FIG. 4 represents the effect of capacitive and inductive feedback on input impedance of the preamplifier 48. In particular, FIG. 4 illustrates several frequency versus impedance curves, with a value |S11 | being indicated along vertical axis 70, and frequency, in MHz, being represented along a horizontal axis 72. FIG. 4 illustrates three exemplary cases of input impedance curves about a nominal operating frequency. For example, a nominal operating frequency of approximately 64 MHz is anticipated for receiving coils of a 1.5 Tesla-rated MRI system. A first curve 74 illustrates optimal tuning for input impedance in accordance with the present technique, wherein a slightly negative, but near zero impedance is obtained by proper balancing of capacitive and inductive feedback. As the inductive component of the feedback is reduced, the curve is shifted upwardly, and slightly to the right, as indicated at curve 76. Further reduction in the inductive component of the feedback, or increase in the capacitive component, shifts the input impedance curve further in a positive direction, as indicated by curve 78 in FIG. 4. In accordance with the present technique, circuitry is provided for facilitating proper balancing of capacitive and inductive feedback components upstream of a preamplifier. The circuitry thus permits optimal tuning to be obtained to maintain the input impedance to the preamplifier at a desired level, as indicated by the curves of FIG. 4.

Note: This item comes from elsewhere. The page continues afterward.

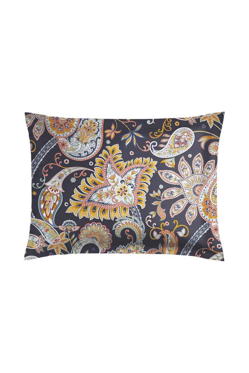 2 taies d'oreiller en satin de coton 80 fils/cm² Boteh - Bleu foncé et orange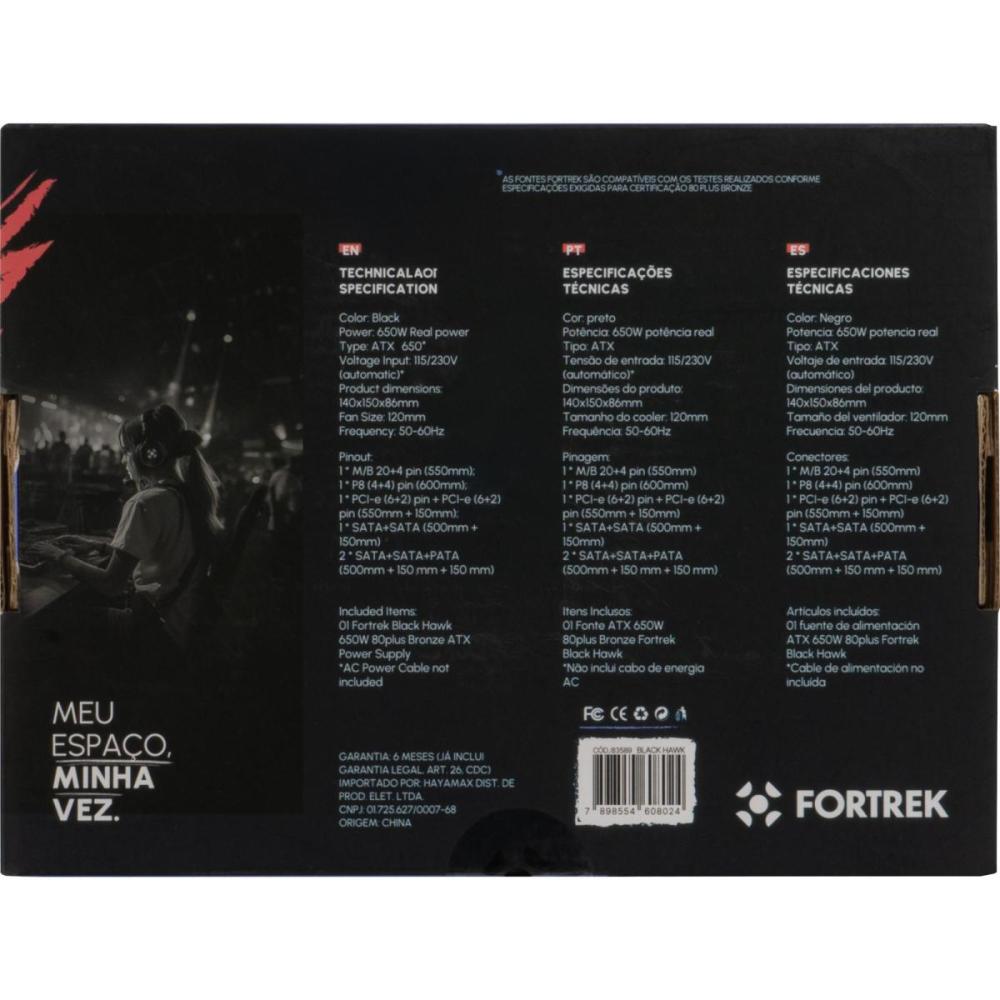 • Proteção: OVP (Over Voltage Protection), UVP (Under Voltage Protection), SCP (Short Circuit Protection), OTP (Over Temperature Protection), OPP (Over Power Protection), OCP (Over Current Protection), e OPP (Over Power Protection)

Presently preferred circuitry permitting tuning of preamplifier input impedance is illustrated in FIG. 5, and designated generally by reference numeral 80. Circuitry 80 includes preamplification circuitry and tuning circuitry for providing the balanced inductive and capacitive feedback summarized above. Input to circuitry 80 is provided at junction J1, indicated by reference numeral 50 on the left of FIG. 5, while output from the circuitry is provided at junction J2, as indicated at reference numeral 52 on the right of FIG. 5. In general, circuitry 80 includes input circuitry 82 which provides for impedance transforming from 50 ohms to an optimal noise match impedance to solid state device 108. The first stage amplification circuit, designated generally at reference numeral 84, provides the feedback required to reduce the input impedance to a desired level, substantially equal to zero. A tunable feedback control circuit 86 is coupled to first stage circuit 84 and facilitates tuning of the capacitive and inductive feedback components as described more fully below. Finally, an output stage 88 is provided for further stabilization, gain control and output matching.
Referring more particularly now to the preferred embodiment of circuitry 80, as shown in FIG. 5, signals received at junction point J1 are applied to a DC block capacitor 90. Downstream of capacitor 90, a second capacitor 92 and a resistor 94 are coupled in parallel to an analog ground potential. Capacitor 92 provide for amplification stability, while resistor 94 further provides DC bias to the analog ground potential.
Downstream of capacitor 90, input circuit 82 includes a tunable input section 96, including components which can be tuned during manufacturing to provide a capacitive and inductive balance in the input section. In particular, tunable input section 96 includes an inductor 98, a fixed capacitor 100 and an adjustable capacitor 102. Capacitors 100 and 102 are coupled downstream of inductor 98, in parallel with one another and in series with the analog ground potential. Capacitor 102 is adjustable to match the inductance of inductor 98 during manufacturing. In parallel with capacitors 100 and 102, a pair of Schottky diodes 104 and 106 are provided for protecting first stage amplification circuit 84.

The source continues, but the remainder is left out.